Lets take a step back. Imagine our dataset is more simplistic, say the English Dictionary. Imagine our query is find all the words in the dictionary that contain the word 'old' i.e. LIKE '%old%'. To answer this question you would need to start at page 1 and go through every word making a note of each word as you find one that contains 'old'. This is essentially an index scan. If I changed the question to give me all the words with 'old' at the begining i.e. LIKE 'old%', then the question becomes much easier to answer. You would 'seek' to the world 'old' in the dictionary and then perform a scan until you hit the first word that didn't begin 'old' which might be the word 'outsold' (according to /usr/share/dict/words it is, the OED would probably suggest otherwise). You answered this question considerably quicker because we have made our query sargable, i.e we were able to use the index to get the answer, in this case the 'index' is the natural sort order/form factor of a dictionary in book form.
So lets answer our question again but this time with the sargable LIKE 'old%' query.
So you can see this query was massively quicker, only 62ms of CPU time, the rest of the time will data I/O time fetching the actual rows from the database. Looking at the execution plan confirms this.
100% (roughly) was spent fetching the rows, and the index seek took virtually no time at all.

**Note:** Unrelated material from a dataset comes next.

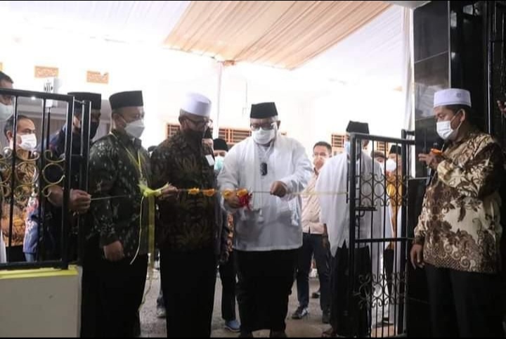 SUKABUMI,MPI- Bupati Sukabumi H. Marwan Hamami meresmikan Masjid Jami Muhibbatul Hasanah di Kampung Cijambe Nyomplong, Desa Sukaresmi, Kecamatan Cisaat, Minggu, 6 Maret 2022. Peresmian ditandai dengan pengguntingan pita dan penandatanganan prasasti.

Unfortunately by removing the leading wildcard we have essentially changed the question. The point I am trying to make is you need to be fairly sure that you need the leading wildcard to answer your question. Because using it is not going to scale. If you really need this facility then you could look into using a search platform such as Apache-Solr or building your own indexing/search application using Lucene, but these come with their own set of challenges. We might be able to get around the wildcard requirement by changing the user interface to 'Search for companies begining with : '. This isn't always possible. As I mentioned earlier its worth investigating whether full willcard search is a geniune requirement. If it isn't then make your interface sypathetic to the underlying database. Then maybe later when/if the requirement arises you can invest more time/effort into doing full wildcard searches using methods like I suggest.
The basic rules of thumb are to
SELECT * FROM [companies].[dbo].[companies] WHERE YEAR(DateOfIncorporation) = 2013
SELECT * FROM [companies].[dbo].[companies] WHERE DateOfIncorporation > '31-12-2012' AND DateOfIncorporation < '01-01-2014'
Imagine one of the company fields is the phone area code as a varchar (because it requires the preceeding 0).
SELECT * FROM [companies].[dbo].[companies] WHERE AreaCode = 01792
SELECT * FROM [companies].[dbo].[companies] WHERE AreaCode = '01792'
Because int has a lower precedence than varchar the int isn't converted to a string and then compared against the index. Instead a index scan is forced.
I hope this helps you improve the performance of some of your queries.